TASK TO COMPLETE: Output only the lines that run from the line holding "Interliving Küche Serie" to the end of the data below, including both ends, without any pictures.

Items listed in a dataset:
────────
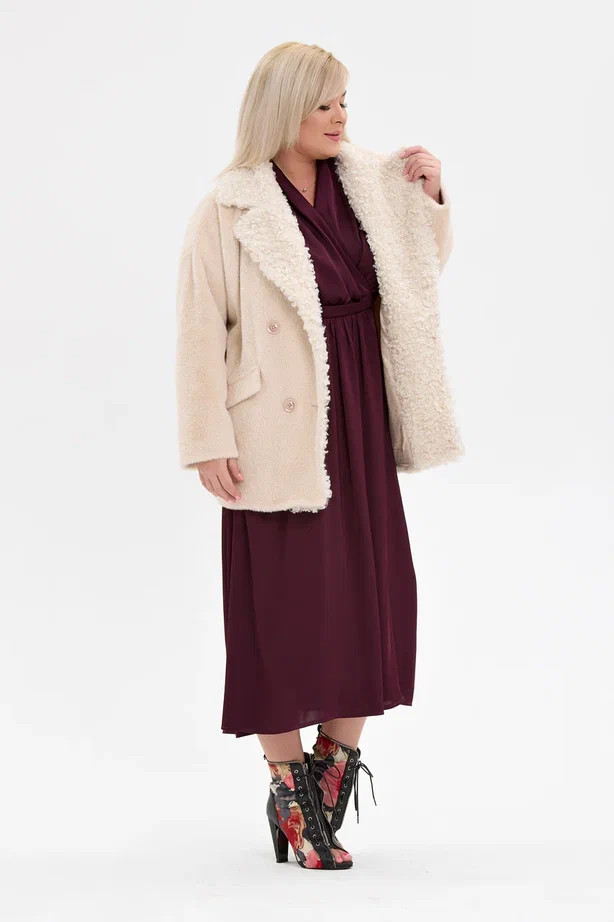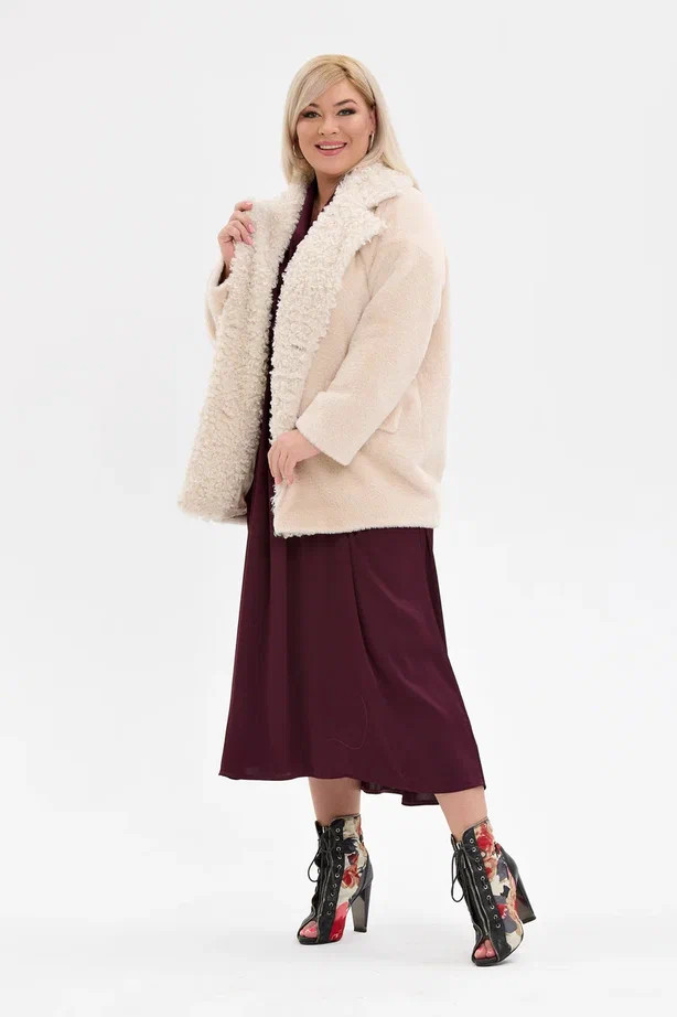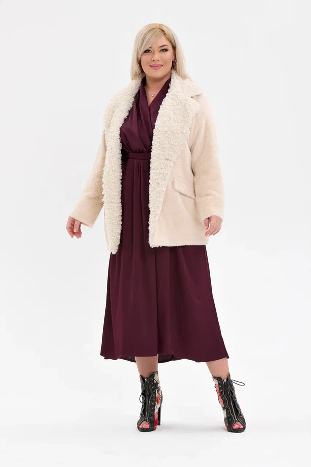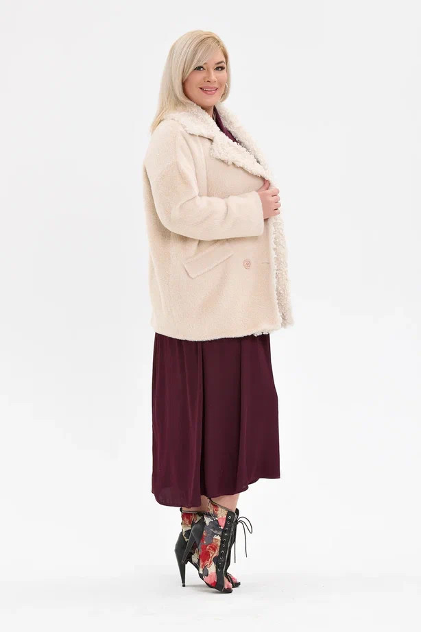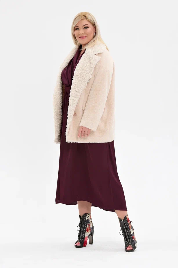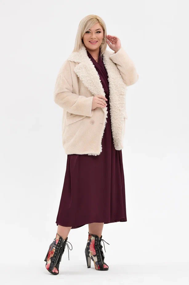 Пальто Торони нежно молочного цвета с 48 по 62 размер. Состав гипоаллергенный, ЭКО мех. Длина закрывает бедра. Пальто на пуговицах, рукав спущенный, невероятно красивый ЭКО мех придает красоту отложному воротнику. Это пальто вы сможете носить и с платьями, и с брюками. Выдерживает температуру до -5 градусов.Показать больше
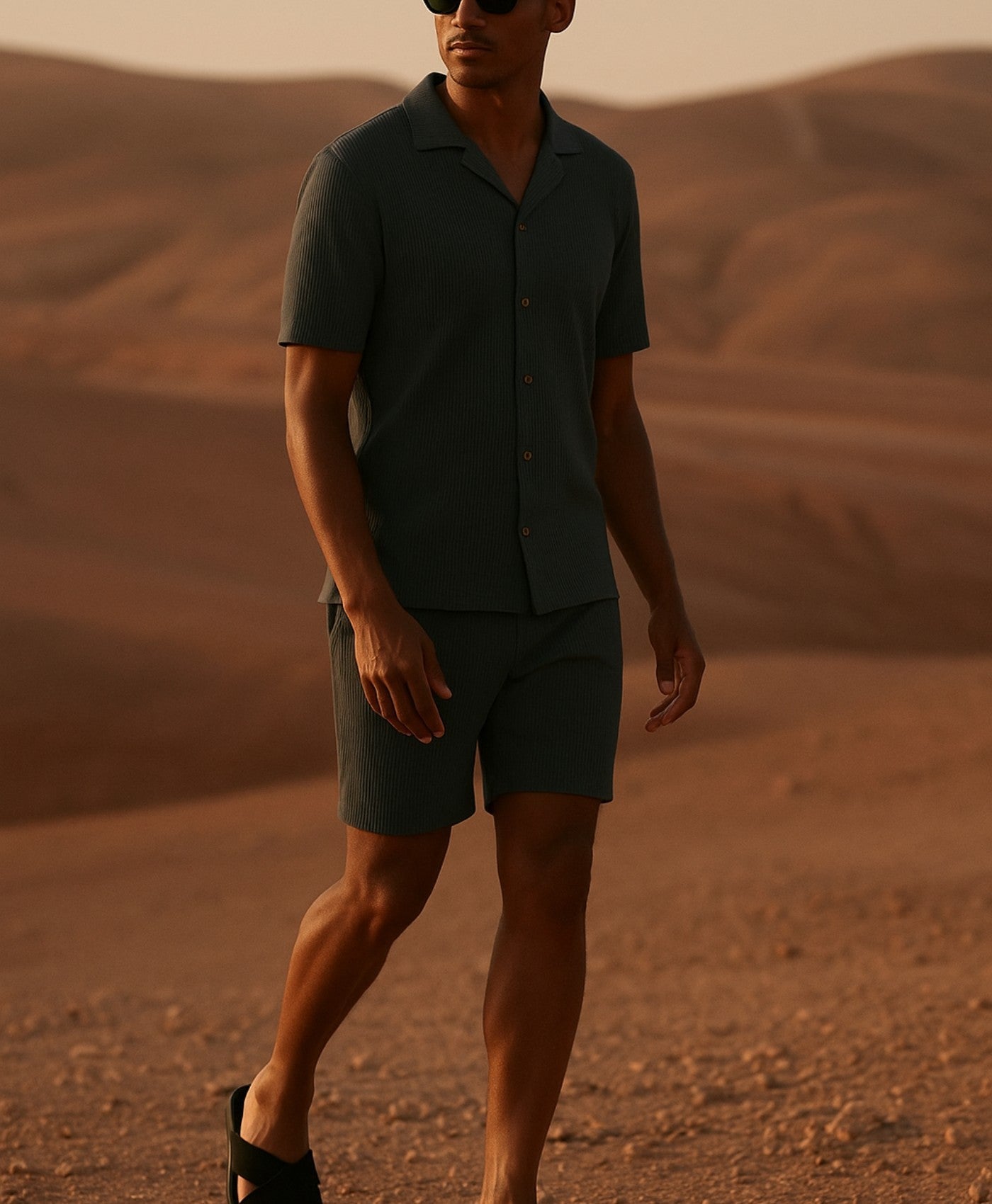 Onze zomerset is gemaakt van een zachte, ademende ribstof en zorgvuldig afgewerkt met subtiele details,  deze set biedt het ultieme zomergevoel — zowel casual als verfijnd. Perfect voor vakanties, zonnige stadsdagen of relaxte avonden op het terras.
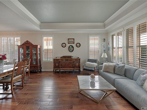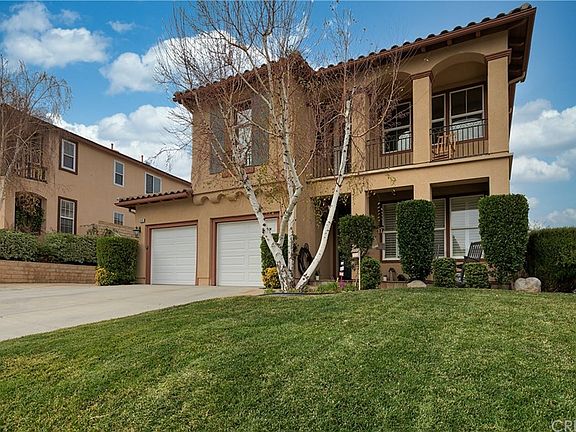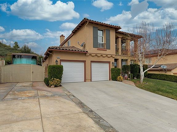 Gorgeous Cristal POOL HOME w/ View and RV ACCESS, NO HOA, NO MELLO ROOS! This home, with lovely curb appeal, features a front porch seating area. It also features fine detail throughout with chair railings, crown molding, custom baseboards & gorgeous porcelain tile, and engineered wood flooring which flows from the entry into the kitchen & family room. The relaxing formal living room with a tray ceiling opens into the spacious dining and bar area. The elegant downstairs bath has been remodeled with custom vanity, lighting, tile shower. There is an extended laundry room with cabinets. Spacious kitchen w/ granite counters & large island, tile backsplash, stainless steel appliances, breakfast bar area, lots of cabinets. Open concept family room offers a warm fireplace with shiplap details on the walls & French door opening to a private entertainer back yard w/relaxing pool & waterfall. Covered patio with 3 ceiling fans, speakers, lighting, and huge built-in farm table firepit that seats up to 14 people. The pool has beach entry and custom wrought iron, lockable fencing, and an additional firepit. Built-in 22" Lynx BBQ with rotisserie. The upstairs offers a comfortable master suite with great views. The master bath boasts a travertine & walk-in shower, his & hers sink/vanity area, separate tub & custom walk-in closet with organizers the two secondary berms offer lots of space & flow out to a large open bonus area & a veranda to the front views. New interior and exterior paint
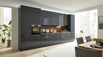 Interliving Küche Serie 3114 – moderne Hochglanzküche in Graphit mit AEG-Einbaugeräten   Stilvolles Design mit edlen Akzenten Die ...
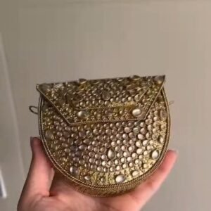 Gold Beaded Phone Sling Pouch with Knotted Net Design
────────
TASK OUTPUT:
 Interliving Küche Serie 3114 – moderne Hochglanzküche in Graphit mit AEG-Einbaugeräten   Stilvolles Design mit edlen Akzenten Die ...
 Gold Beaded Phone Sling Pouch with Knotted Net Design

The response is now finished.